Jessie Woodrow Wilson Sayre (August 28, 1887 – January 15, 1933) was a daughter of US President Woodrow Wilson and Ellen Louise Axson.  She was a political activist, worked for women's suffrage, social issues, to promote her father's call for the creation of the League of Nations, and was significant in the Massachusetts Democratic Party during the 1920s.

Biography

Jessie Woodrow Wilson was born in Gainesville, Georgia, the second daughter of Woodrow and Ellen Axson Wilson. She was the middle sister of Margaret Woodrow Wilson and Eleanor Wilson McAdoo.
Wilson was educated privately in Princeton, New Jersey and at Goucher College in Baltimore, Maryland.  She was a member of Gamma Phi Beta sorority.
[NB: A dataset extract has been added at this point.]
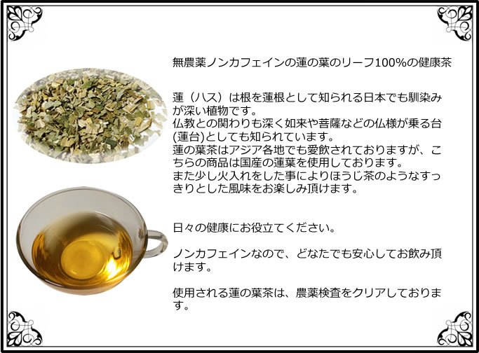 ■名称:蓮の葉茶 ■内容量:30g(2g×15ティーバッグ) ■原材料:ハス葉 ■保存方法:直射日光、高温多湿を避け、乾燥した冷暗所で保管してください ■賞味期限:商品の裏面に記載 ■製造者:有限会社サンドラSS(又は有限会社サンドラST) 〒125-0035 東京都葛飾区南水元2-16-8 ※ラベルやパッケージは変更する場合がございます。
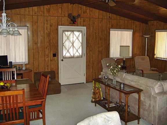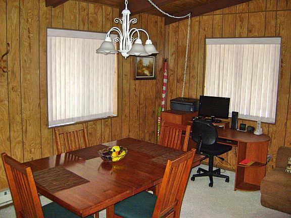 Great Year-Around or Vacation Home offering three bedrooms; a den with an exterior door and small deck; one Full Bath and Two 3/4 Baths; Ceramic Tile in Kitchen; Hall and Baths; Dual Pane Windows; Six Inch Walls ; Wall and Floor Electric Heaters; Wood-Burning Zero-Clearance Fireplace; Furnished with exception of personal and/or marked pieces and by Bill of Sale for no Dollars outside of escrow; 10 X 12 Storage Shed w/electricity; Covered Front Deck; Open Side Deck with Remote Control Retractable Awning; On a solid Foundation; Drain-Down System. All of this comes on a WELL TREED lot with room to build a Garage. Ready to Move in!

After her graduation from Goucher, she worked at a settlement home in Philadelphia for three years.

White House years

In July 1913, four months after her father assumed the presidency, the Wilsons announced Jessie's engagement to Francis Bowes Sayre, Sr.  Her fiancé, a 1911 graduate of Harvard Law School, was the son of Robert Sayre, builder of the Lehigh Valley Railroad and organizer and general manager of the Bethlehem Iron Works.  At the time of their engagement he was serving in the office of a district attorney. Their November 25, 1913, wedding was the thirteenth White House wedding, and the first since Alice Roosevelt and Nicholas Longworth were wed in 1906.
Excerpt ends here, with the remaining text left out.